Write the listing below out again in full, dropping its pictures.
[[ Data segment, beginning ]]
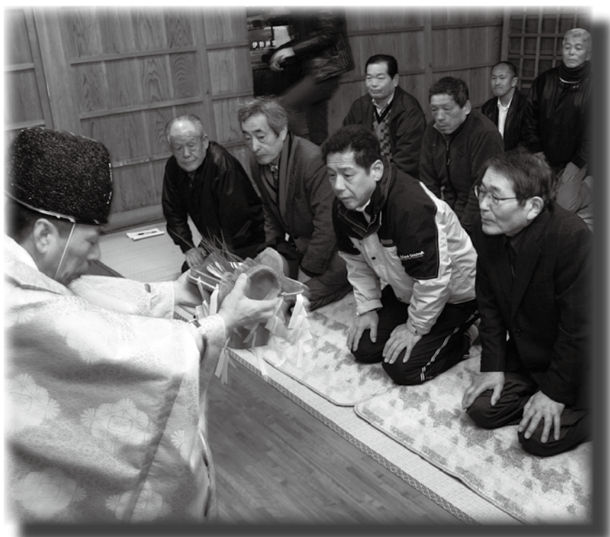
ミョウガを見て吉凶を占う参拝者

まだ夜が明けきらない午前6時、ミョウガの成長状況でその年の吉凶状況を占う神事「お茗荷祭り」が、2月11日（水）、新温泉町竹田の面沼神社（安藤隆広宮司）で行われました。
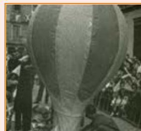
Activitat infantil. 1948-50. Joan Ramírez Sagarra. AMDG
[[ Data segment, end ]]
### Written reply
ミョウガを見て吉凶を占う参拝者

まだ夜が明けきらない午前6時、ミョウガの成長状況でその年の吉凶状況を占う神事「お茗荷祭り」が、2月11日（水）、新温泉町竹田の面沼神社（安藤隆広宮司）で行われました。
Activitat infantil. 1948-50. Joan Ramírez Sagarra. AMDG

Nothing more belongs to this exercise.